# Rock Island report



## SAS MAYHEM (May 16, 2007)

Well what can I say, My RIA Tact gave me no surprises. I used all three of my mags 1 Novak and 2 Springfield's all of them worked flawlessly. The ammo was 230 grain Blazer from wallyworld. And the pin was hitting dead center. All of the firing was standing unsupported. My very first shots were at 7 yds a little to the left and low. My second mag was centered better again at 7 yds. By this time I was able to tell that she is a no drama shooter. She really felt good in my hands. SO I thought to move the target out to 15 yds, and to my surprise the grouping was just as tight. Now on my next target at 15 yds I put 2 mags through, one handed. This is where I had my first self induced hiccup. After the first round fired I went to shoot again then I noticed that the slide was not fully forward, about 1/8th inch from fully forward. I dropped the mag out and racked and lock the slide. There was a round fully in the barrel, ready to be fired, I thought "jam". After I locked the slide back and turn the gun to get a better view and the round just fell out. No nick on the round or any noticable damage, I unlocked the slide and manually ran 2 mags through it with no issue. I reloaded and everything was fine, I even used that round. I think I limp wristed it or new gun breaking in, after that I held it better with that one hand and I shot the rest of the mag plus one more with no issue. 
After that I brought the targets back to 7 yds and did some rapid fire. And just for the heck of it I pushed the target out to 25 yds, again to my surprise all 7 rounds on target, and I was not taking my time. If I was a better shooter I'm sure that they would have been all on target. And lastly at 15 yds and me really not thinking. It was really hot here in NC and I was thinking of A/C. 
All in all I'm very satisfied with this pistol. I already paid to have her coated at MAC's I think I'll go with either black over charcoal or black over black. I undecided right now. The owner at the range had one he said, and never had a problem with his for the many yrs he owned it. He was quite fond of his.

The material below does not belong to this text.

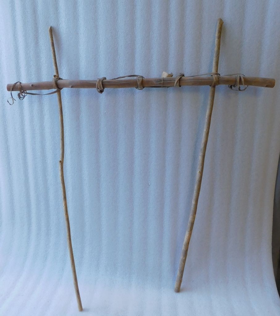 Két függőleges hengeres bot harmadához egy harmadik, vastagabb hengeres bot van vízszintesen felkötözve, úgy, hogy a végei túllógnak. A keresztrúdon több helyen háncscsík tekervény, amelyek közt háncs csík fut lazán
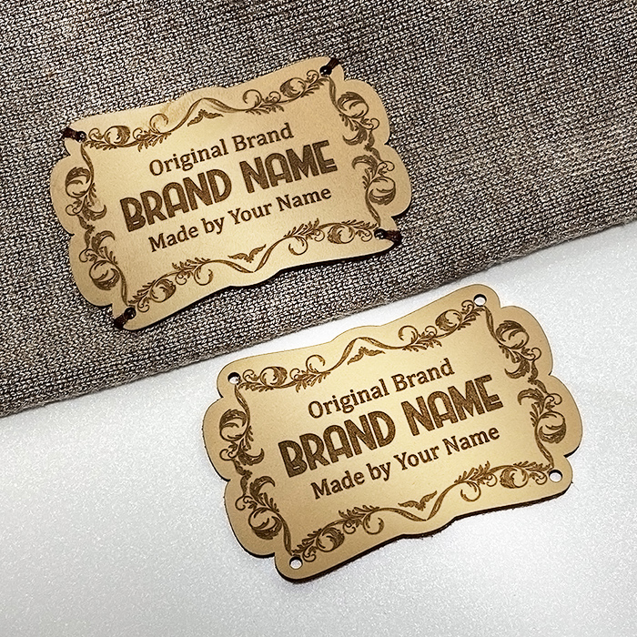 Personalisiertes Etikett EP-M42 aus Naturleder für Kleidung, Taschen, Schuhe und verschiedene Bekleidungsaccessoires.

For anyone thinking of getting one, you have to consider this &#8230;. This pistol is really easy to shoot and fun.... not a drama queen. It really feels right and tight. I know this is going to be a keeper.

Here are the pics 
The brass








1st time @ 7 yards








2nd time @ 7 yds








1st time @15 yds








15 yds 2 mags 1 hand








7yds rapid fire








1st time 25 yds fast firing








15 yds me not thinking


----------



## JimmySays (Jun 8, 2007)

Good report. I wish you the best with your new pistol. Looks like a shooter.:smt023


----------



## stormbringerr (May 22, 2007)

cool gun,enjoy your rocker


----------



## Baldy (Jun 21, 2006)

Well Mr.Sas Myhem looks like you got yourself a keeper for sure. Also looks like some good shooting, and a very good range report. Good luck with that new pistol.:smt180


----------



## SAS MAYHEM (May 16, 2007)

Thanks for your input guys, I'm really impressed with this gun. A real pleasure to shoot. After I get it coated I'll probably get new sights (up in the air on which ones) and grips. And leave it at that. This one really does *ROCK* :smt023


----------



## Uno99 (Oct 3, 2006)

Make sure to post pics when the modding is done


----------



## SAS MAYHEM (May 16, 2007)

Uno99 said:


> Make sure to post pics when the modding is done


I sure will my friend. :smt023


----------



## dogngun (May 29, 2006)

SAS: I now own 2 1911 pistols made by Armscor, a compact and a full size.
Over the last 10 years or so I have owned 5 of them.
They all were excellent shooters and I have never had a problem with one of them that was not mag related.
From what I have read online, I'd say that the closer they are to factory stock, the more reliable they are...they are made to work right and don't need ANY "improving". The surface mods you are making will not affect performance, but I'd keep the internals close to factory if I had plans to carry it.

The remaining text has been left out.